Dieser Browser wird nicht mehr unterstützt

Bitte wechseln Sie zu einem unterstützten Browser wie Chrome, Firefox, Safari oder Edge.

Kriminalität

Zunahme bei Schlepper-Anklagen

In den ersten vier Monaten ist die Zahl der wegen Schlepperei Angeklagten um fast 30 Prozent gestiegen. Auch Verurteilungen nahmen zu.

Wien. Die Zahl der wegen Schlepperei angeklagten (und verurteilten) Menschen hat in Österreich deutlich zugenommen.

Konkret liegt die Zahl der Anklageerhebungen nach § 114 Fremdenpolizeigesetz (FPG) – die Bestimmung stellt die Förderung der rechtswidrigen Ein- oder Durchreise von Fremdem unter Strafe – in den ersten vier Monaten dieses Jahres um 29,49 Prozent über dem Vergleichszeitraum 2021. Die Zahl der Verurteilungen ist um 17,44 Prozent gestiegen. Nach Angaben des Justizministeriums haben die Anklagebehörden von Anfang Jänner bis Ende April 2021 insgesamt 78 Anklagen eingebracht. Heuer waren es 101.

In den ersten vier Monaten des Vorjahres kam es in 86 Fällen zu Verurteilungen, heuer waren es im selben Zeitraum 102. Insgesamt wurden von Anfang 2021 bis Ende April 2022 bei den Strafgerichten 333 Anklagen nach der Schlepperei-Bestimmung im Fremdenpolizeigesetz eingebracht, 308 Menschen wurden in diesem Zeitraum auch verurteilt. Erst am Donnerstag hatten die Behörden, wie berichtet, die Zerschlagung einer internationalen Schlepperorganisation bekannt gegeben, die illegale Migranten von Ungarn nach Österreich gebracht hatte. Dabei wurden in Österreich, der Slowakei, Tschechien und Rumänien 205 Personen festgenommen.

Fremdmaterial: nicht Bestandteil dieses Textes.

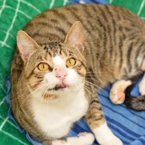 We’re sure it never would’ve crossed your mind that such an adorable little guy could’ve been found outside of a Family Dollar. Friendly and talkative, this parking lot stray caught the attention of someone who fell in love with him because of his sweet temperament. When they took him in to be fixed, unfortunately, he tested positive for feline leukemia.
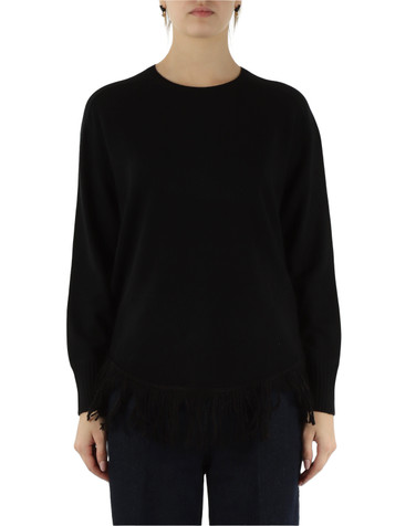 Maglia in misto lana e cashmere con frange | 5BEDAM470Z0055M 33 NERO
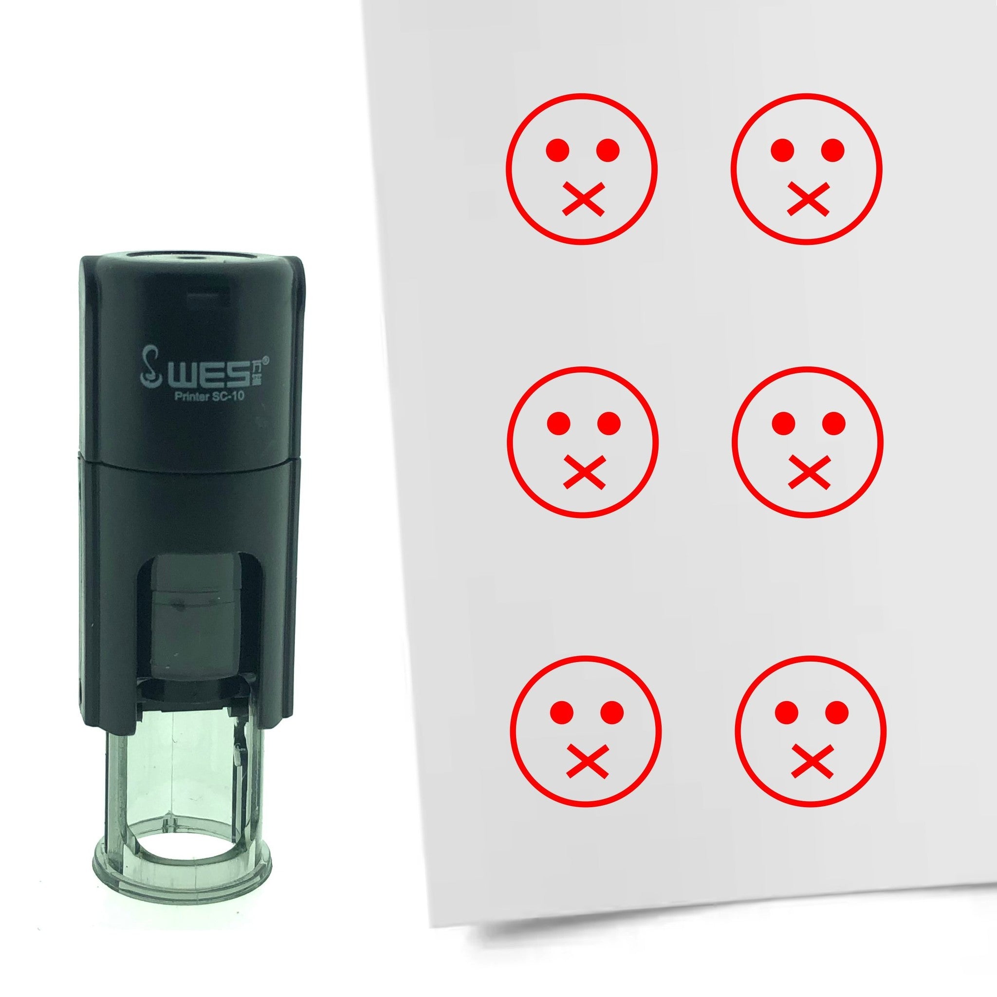 Mini stamp with a 10 mm round print of a smiley with closed mouth in 6 colors. The stamp can be used for stamping loyalty cards, punch cards, bullet journals, planners, and more. It has a refillable ink pad. Read more
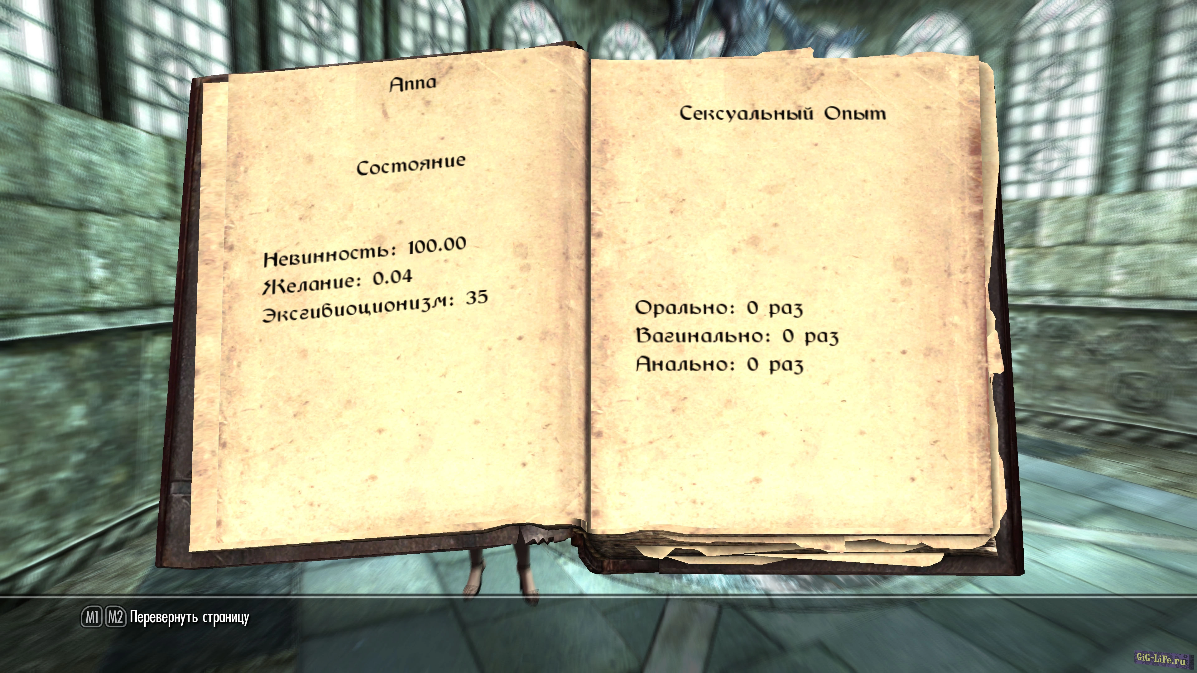 Данная модификация добавляет систему эксгибиционизма. Теперь чем дольше Ваш персонаж будет бродить в обнажённом виде, тем проще ему будет ходить обнажённым в дальнейшем. С каждым часом будет прирост за обнажённый вид, дополнительные параметры такие как возбуждение и оно будет при подглядывание за сексом прирастать, а если принять в этом участие то параметр снизится, однако так-же эти события будут зафиксированы в дневнике и будет считаться как "потеря невинности".
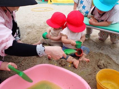 新しい環境での生活が始まり、もうすぐ3ヶ月がたとうとしています。少しずつ慣れてきたことで、どのクラスも笑顔がたくさん見られるようになってきました。あひる0組は、ハイハイや伝い歩き・かわいいよちよちの歩行で戸外や室内を探索活動中!その先にある好きな玩具を手に取ったり砂や葉っぱを触ったりと1人ひとりが「楽しい」を見つけて遊んでいます。中でも大好きになってきた砂場では、全身砂だらけでもへっちゃら!両手に砂を持ち保育士にプレゼントしてくれたり、葉っぱをちぎってバケツに入れたりと存分に楽しんでいますよ。これからも子ども達の「楽しい」を一緒に見つけていきたいです!

Die Bande soll mehr als 36.100 Menschen geschleppt haben. Auf ihr Konto sollen auch zwei in Siegendorf (Burgenland) in einem Klein-Lkw erstickte Flüchtlinge gehen, wie auch die Schüsse auf Grundwehrdiener im Burgenland im Oktober 2021. (APA)

("Die Presse", Print-Ausgabe, 14.05.2022)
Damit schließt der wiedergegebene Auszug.